El espejismo del país de primera

FRANCISCO FAIG

Narra Lincoln Maiztegui que uno de los últimos ademanes del Uruguay de Maracaná, que creía en su bonanza eterna, fue establecer por ley una contribución internacional a los "países económicamente poco desarrollados". La continuación de la historia es conocida: a nadie pudimos asistir porque el vértigo de la crisis de esos años terminó por hacernos compartir los infortunios propios de esos países.

En aquel entonces, persuadidos de nuestra excepcionalidad, no quisimos enfrentar las reformas necesarias para adaptarnos al nuevo mundo de la posguerra. Con regocijo, seguimos creyendo por años que éramos la Suiza de América. Sesenta años más tarde, el reflejo nacional es similar. Por la tragedia de 2011 en Japón, por ejemplo, donamos 500.000 dólares a la Cruz Roja de ese país; y por las inundaciones en Colombia, donamos diez toneladas de alimentos.

Estamos convencidos de que a pesar de los errores y las dificultades, vamos bien rumbeados. Alentados por nuestro chauvinismo jacobino provinciano, creemos que repitiendo lo mismo que veníamos haciendo hasta ahora podremos alcanzar, sin esfuerzos, el país de primera prometido, y que nuestro crecimiento es consecuencia de nuestras políticas públicas.

Esta vez, frenteamplismo mediante, la riqueza se reparte con justicia, la pobreza es menor, y nos gobierna gente honesta y competente: así hablan los pequeños catequistas del comité de base, y así vituperan los más pequeños (y muy numerosos) intelectuales orgánicos. Hasta el Presidente recalca que nos acercamos a un PIB per cápita de 20.000 dólares, propio de un país desarrollado.

Como estamos convencidos de que vamos bien, aceptamos las nuevas formas de clientelismo (que ahora es asistencialismo populista). No nos ruborizamos porque aumente el número de funcionarios públicos, ni nos parece mal volver a la práctica de reproducir jubilados gracias a probar años de trabajo con simples declaraciones de testigos. Se trata de la misma benevolencia y la misma autocomplacencia autista que condujeron al fracaso colectivo del Maracaná neobatllista. Estamos prendados del mismo espejismo que atolondró al país durante la guerra de Corea (1950-1953). Esta vez, vivimos el ciclo de expansión más largo del que se tenga memoria, porque nos beneficiamos del formidable crecimiento chino que empuja el precio de nuestros productos de exportación, y porque han sido excepcionales las bajas tasas de interés internacionales que han potenciado por doquier las inversiones.

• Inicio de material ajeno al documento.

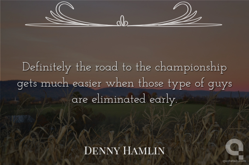 Definitely the road to the championship gets much easier when those type of guys are eliminated early.
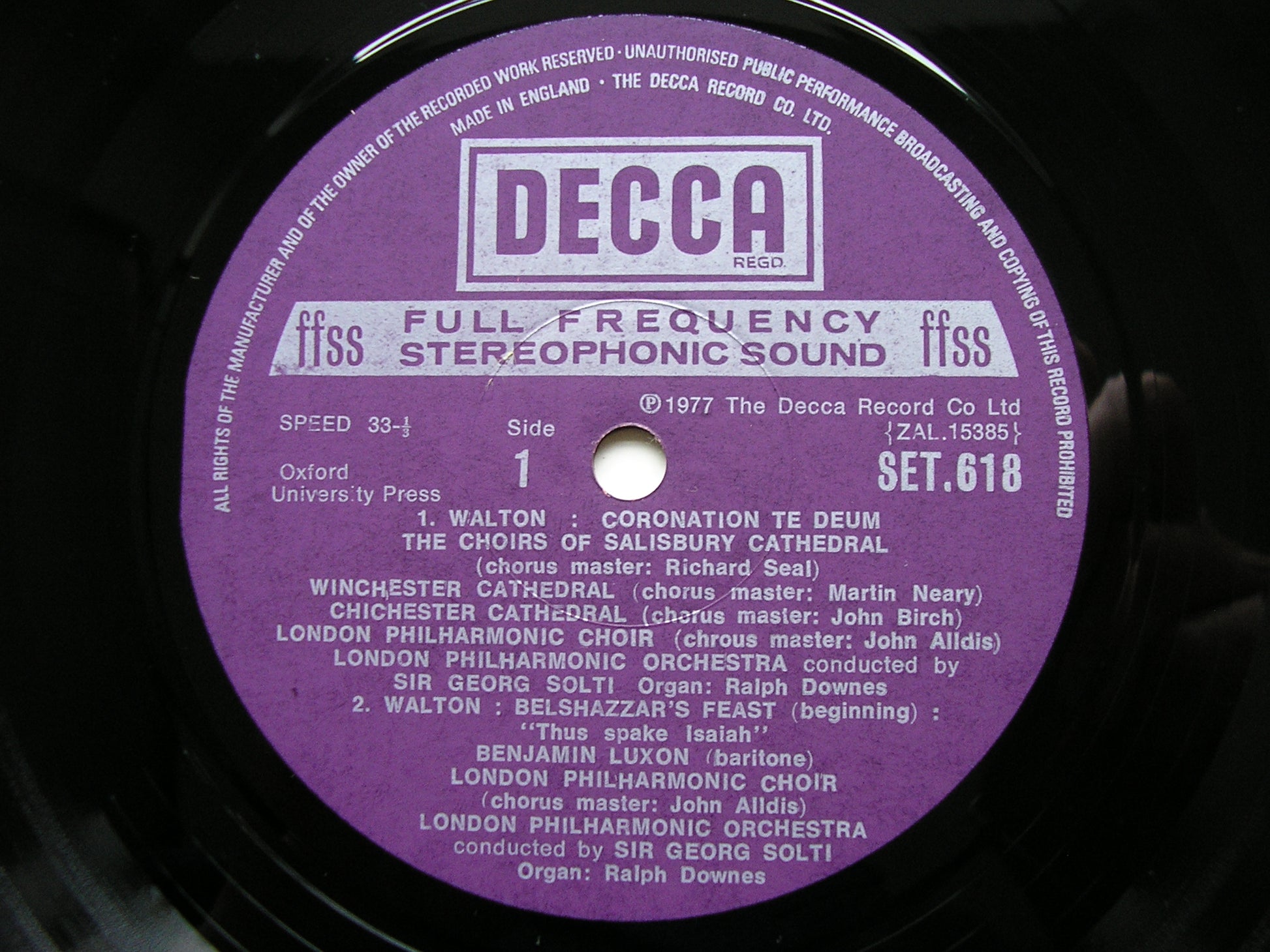 SET 618  WALTON: BELSHAZZAR'S FEAST / CORONATION TE DEUM  BENJAMIN LUXON / LONDON PHILHARMONIC ORCHESTRA / SIR GEORG SOLTI

Pero aquel que no se deje arrullar por esta placentera y colectiva sensación de éxito, y que se preocupe por ver la realidad, sabe que estamos perdiendo competitividad; que dependemos de los precios internacionales por el estancamiento del volumen de nuestra exportación; y que la economía desacelera su crecimiento, sin que por ello baje el gasto público. Sobre todo, sabe que en este tiempo de bonanza nada eficiente se ha hecho para impedir la consolidación de una sociedad fracturada; que nuestros jóvenes más pobres están condenados a ser analfabetos funcionales en el nuevo capitalismo; que nuestros problemas de infraestructura son gravísimos; que los de seguridad están lejos de resolverse; y que el Estado nunca se va a reformar con la izquierda en el gobierno. Como Narciso, estamos enamorados de nuestra propia imagen.